The random extractor and the hash modifier are useful for doing bucket testing, where some proportion of requests should be routed to a staging system instead of the main production upstream. This can be done randomly per request with the random extractor, or more deterministically using the has modifier.

Presuming the production destination is “example.one” and the test destination is “stage.example.one” then 1% of traffic can be sent to the staging system with

with: "{ua-req-host}"
select:
-  match: "example.com"
   do:
   -  with: "{rand::100}"
      select:
      -  eq: 1
         do:
         -  rewrite-url: "http://stage.example.com"
      -  always: # match to allow unmodified request to continue.

To be more deterministic, the bucket could be based on the client IP address.

with: "{ua-req-host}"
select:
-  match: "example.com"
   do:
   -  with: [ "{inbound.remove_addr}", { hash: 100} ]
      select:
      -  eq: 1
         do:
         -  rewrite-url: "http://stage.example.com"
      -  always: # match to allow unmodified request to continue.

As another alternative, this could be done with a cookie in the client request. If the cookie was “example” with the test bucket indicated by the value “test”, then it would be.

with: "{ua-req-host}"
select:
-  match: "example.com"
   do:
   -  with: "{creq.cookie::example}"
      select:
      -  match: "test"
         do:
         -  rewrite-url: "http://stage.example.com"
      -  always: # match to allow unmodified request to continue.

Real Life

The following examples are not intended to be illustrative, but are based on actual production requests from internal sources or on the mailing list. These are here to serve as a guide to implementation.

Legacy Appliances

Support for legacy appliances is required. The problem is these have very old TLS stacks and among other things do not provide SNI data. However, it is unacceptable to accept such connections in general. The requirement is therefore to allow such connections only to specific upstream destinations and fail the connection otherwise.

Query Only

Rewrite the URL iff there is a non-empty query string.

Cache TTL

Set a cache TTL if

  • From a specific domain.

  • There are no cache TTL control fields.

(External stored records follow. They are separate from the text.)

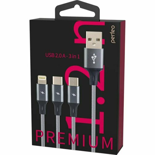 PERFEO, Кабель USB2.0 A вилка - 3 в 1 (Micro + Type C + 8 PIN вилка), серый, 1,2 метра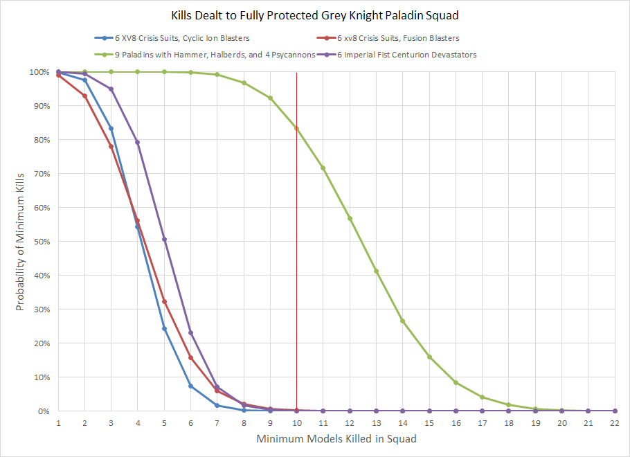 I would like to give a shout out to novembermike for helping me with the Grey Knight numbers, and our good friends at 40KStats for doing what they do. One of the biggest challenges with analyzing the efficacy of units in 40K is quantifying what it takes to kill them. Grey Knight Paladins and T'au Crisis Suits are fun, but it's not exactly relevant to a Tyranid player. In the future I hope to figure out a more universal way of showing what makes a unit vulnerable so that everyone can make use of the data. In the interim I hope this article was educational and entertaining, and I think you for reading.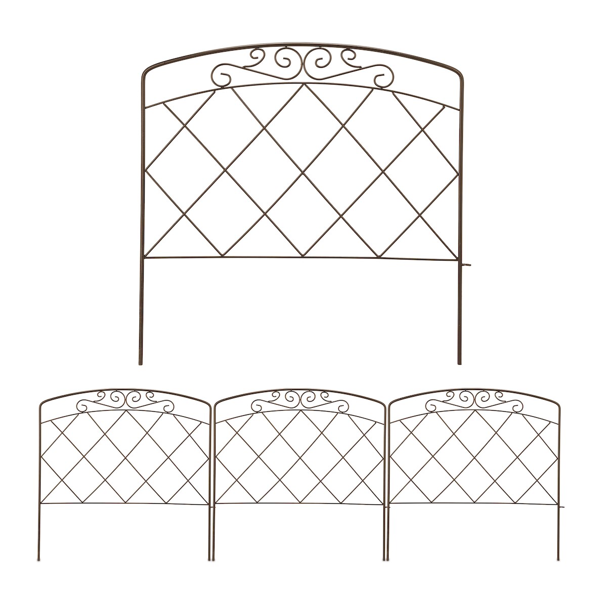Relaxdays Beetzaun, 4 Zaunelemente, HxB je 60 x 62,5 cm, Garten Beeteinfassung zum Stecken, Metall, Vintage-Look, bronze
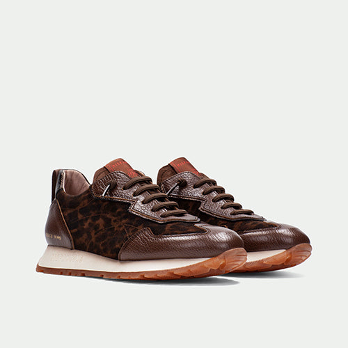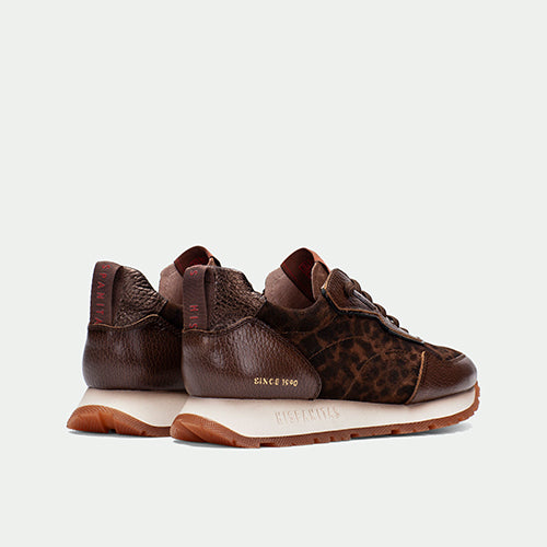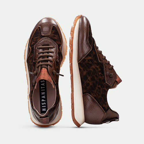 Zapato casual de la marca Hispanitas. Modelo deportivo con cordones elásticos. Se incluye otro par de cordones de algodón. Piso de 3 cm de goma termoplástica. Elaborado en piezas de corte en piel cuero oscuro combinado con serraje de estampado animal. Forro interior de origen no animal, 100% transpirable y termorregulador.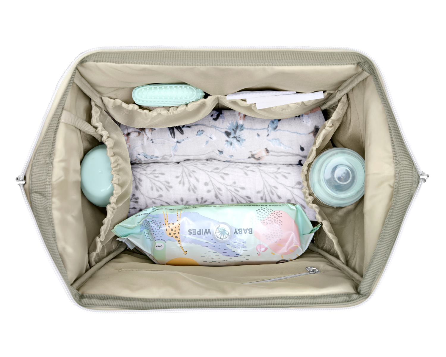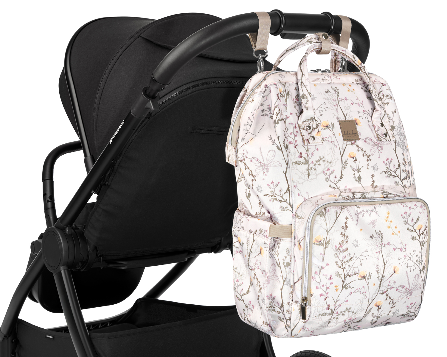 Създаден, за да донесе повече уют, сигурност и лекота в ежедневието на семейството. Благодарение на джобове за пелени и аксесоари, непромокаем джоб за мокри предмети, • Луксозна материя и сатенирани детайли, включена подложка за повиване, закачалки за лесно прикрепяне към дръжката на количката, широк отвор на основния джоб с метална рамка за лесен достъп продуктът се вписва лесно в динамичното ежедневие на родителите. Всеки елемент е подбран така, че да улесни грижата за детето и да намали напрежението в забързаното ежедневие. Този продукт е подходящ за моменти на игра, разходки и ежедневни занимания. Идеален е за тези, които искат да съчетаят практичност, комфорт и грижа.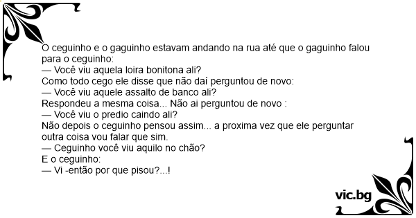— Ceguinho você viu aquilo no chão?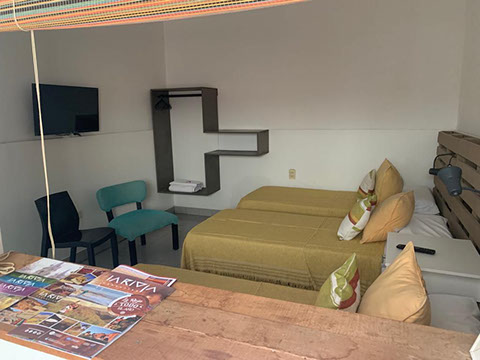 De 1 ambiente, amplio y confortable, dispone de 1 cama matrimonial y dos individuales con balcón.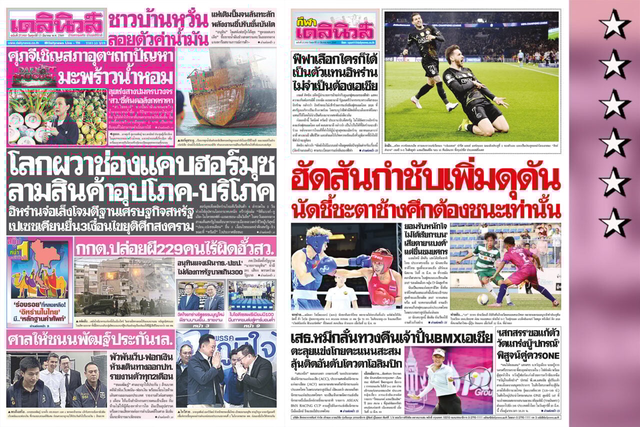 หนังสือพิมพ์เดลินิวส์ ฉบับวันศุกร์ที่ 13 มี.ค. 2569 (กรอบ 6 ดาว)

This is a bit tricky because multiple fields are involved. Could this be done via an extraction vector, or better by doing a single extraction of all fields and checking if that is empty?

Mutual TLS

Control remapping based on whether the user agent provided a TLS certificate, whether the certificate was verified, and whether the SNI name is in a whitelist.

Footnotes

*

Literals are treated internally as extractors that “extract” the literal string. In practice every feature string is an array of extractors.